Мы сели на кухне. Я налила ему крепкого чаю, дрожащими руками. Он был спокоен, как скала. Мы пили чай и говорили. Сначала о трубах, о ремонте, потом о книгах. Оказалось, мы оба любим одного и того же забытого всеми фантаста.
Потом о работе. Он рассказал, как начинал, будучи еще пацаном, без связей и денег. Говорил он без обычной своей отеческой снисходительности, как с равной. А я слушала и смотрела на него. На его руки, сильные, с проступающими венами, на седину у висков, на грустные глаза. В тот вечер я впервые увидела в нем не Лениного папу, а мужчину.

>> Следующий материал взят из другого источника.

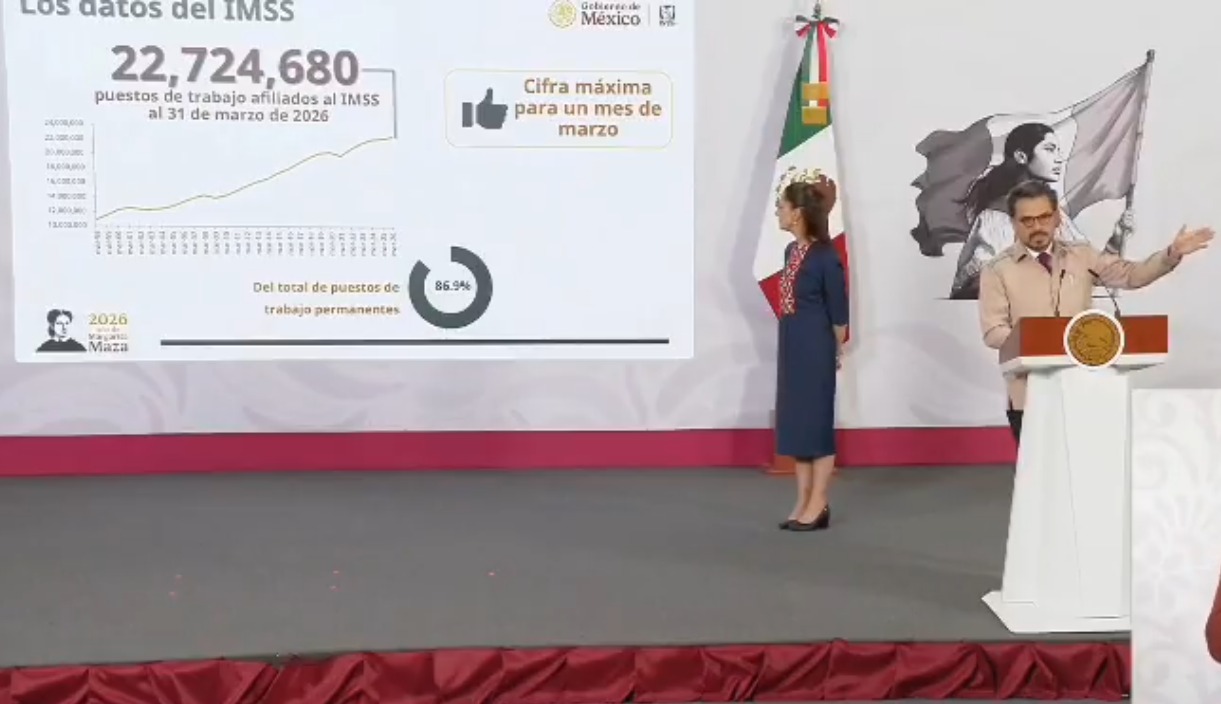 La presidenta Claudia Sheinbaum resumió los datos señalando que marzo de 2026 se consolida como el mes con el mayor número de empleos formales en la historia de México, reafirmando la estabilidad y el crecimiento de la economía nacional.
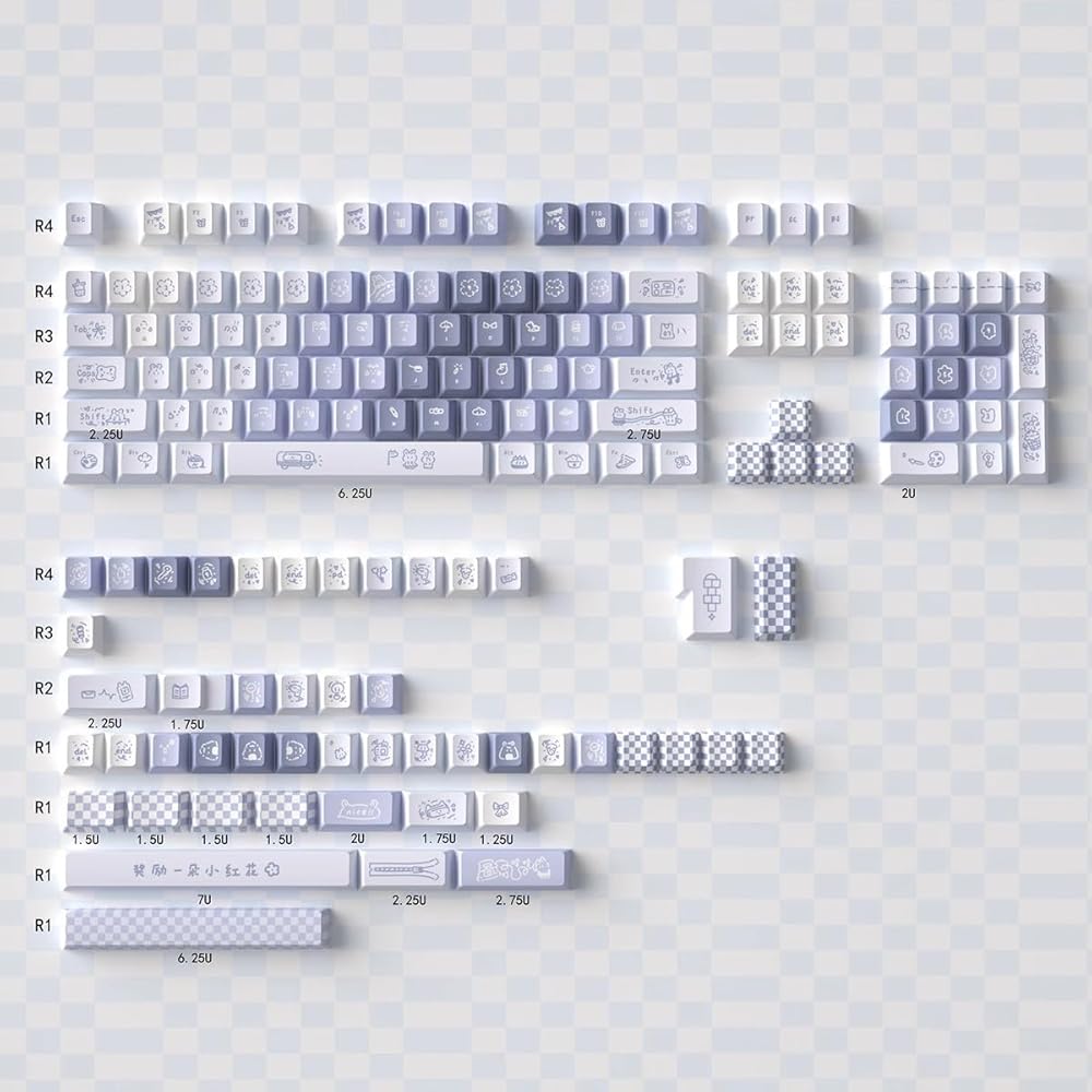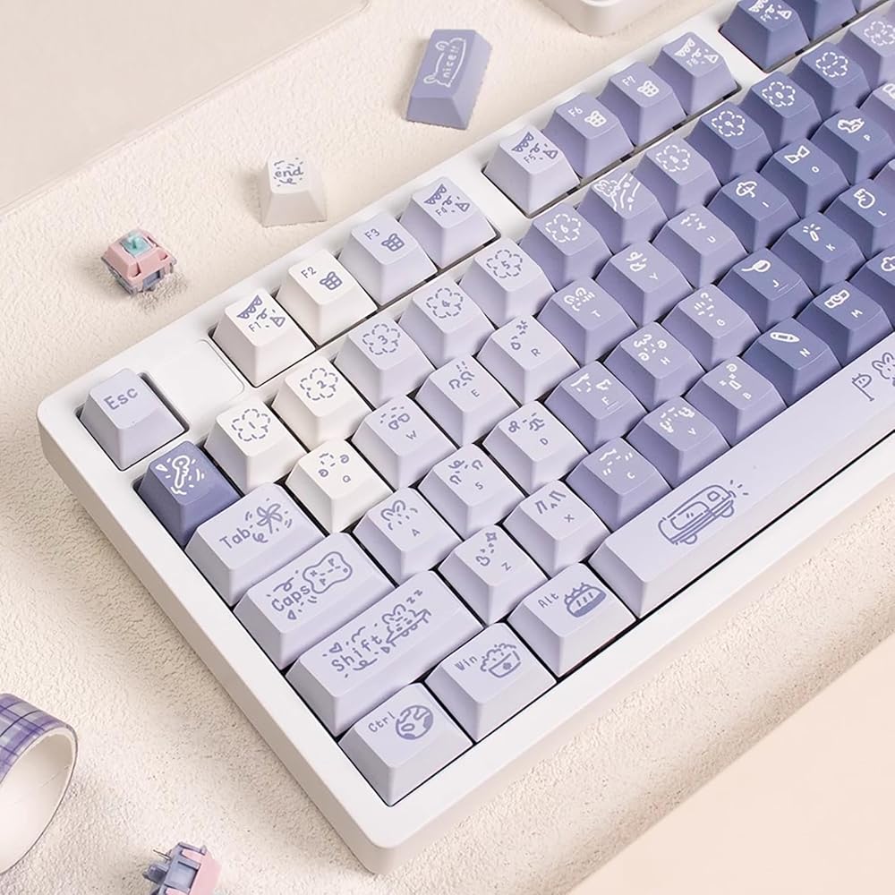 مجموعة أغطية مفاتيح PBT مكونة من 152 مفتاحًا، مجموعة أغطية مفاتيح لطيفة مخصصة مع شريط مسافة 6.25U/7U متوافق مع لوحة المفاتيح الميكانيكية للألعاب Gateron Kailh Cherry MX Switch

Одинокого мужчину, который уже лет двадцать, как разошелся с женой, Лениной матерью, и с тех пор жил один, целиком уйдя в работу и в дочь.
Мы просидели так до трех ночи. Налила еще чаю, достала какое-то печенье. В комнате было тихо, только за окном шумел дождь. И в какой-то момент, когда он смеялся над моей историей про идиота-начальника, я поняла, что хочу его. Просто и без всяких там романтических заморочек. Хочу, чтобы он меня обнял, поцеловал, снял с меня высохшую уже майку.
И он это понял. Взгляд у него стал серьезным. Он допил чай, поставил кружку.
– Ладно, Ань, пора.
– Останьтесь, – вырвалось у меня. Голос сорвался.
Он посмотрел на меня долгим, тяжелым взглядом.
– Ты не знаешь, что говоришь.
– Я знаю.
Он встал, подошел ко мне. Прикоснулся к моей щеке. Ладонь была шершавой, теплой.
– Аня, мне сорок восемь. Тебе – двадцать четыре.
– Какая разница? – прошептала я.
Он не ответил, просто наклонился и поцеловал меня. Это был не нежный поцелуй, а поцелуй голодного человека. В ту ночь мы стали близки. Это было стремительно, жарко и как-то по-настоящему. Без нежностей. Как будто мы оба ждали этого годами.
Утром я проснулась от звука льющейся в кухне воды. Он стоял у раковины и смотрел в окно.
– Сергей? – позвала я тихо.
Он обернулся. Лицо у него было усталое, помятое.
– Аня, это была ошибка.
– Нет, – сказала я твердо. – Не была.
Я подошла к нему, обняла за спину, прижалась щекой к лопаткам.
– Мы оба взрослые люди. И мы оба этого хотели.
Он вздохнул, повернулся ко мне.
– А Лена?
– Лена ничего не узнает. Пока.
«Пока» растянулось на четыре месяца. Мы встречались тайком. Он заезжал ко мне после работы, мы ходили в кино в другие районы, где нас никто не знал. Сидели в маленьких кафешках на окраинах. Говорили по телефону глубокой ночью, когда Лена точно спала. Мы могли болтать о чем угодно – о политике, о новых фильмах, о глупостях. Он смеялся моим шуткам, а я слушала его истории, и мне было интересно. По-настоящему.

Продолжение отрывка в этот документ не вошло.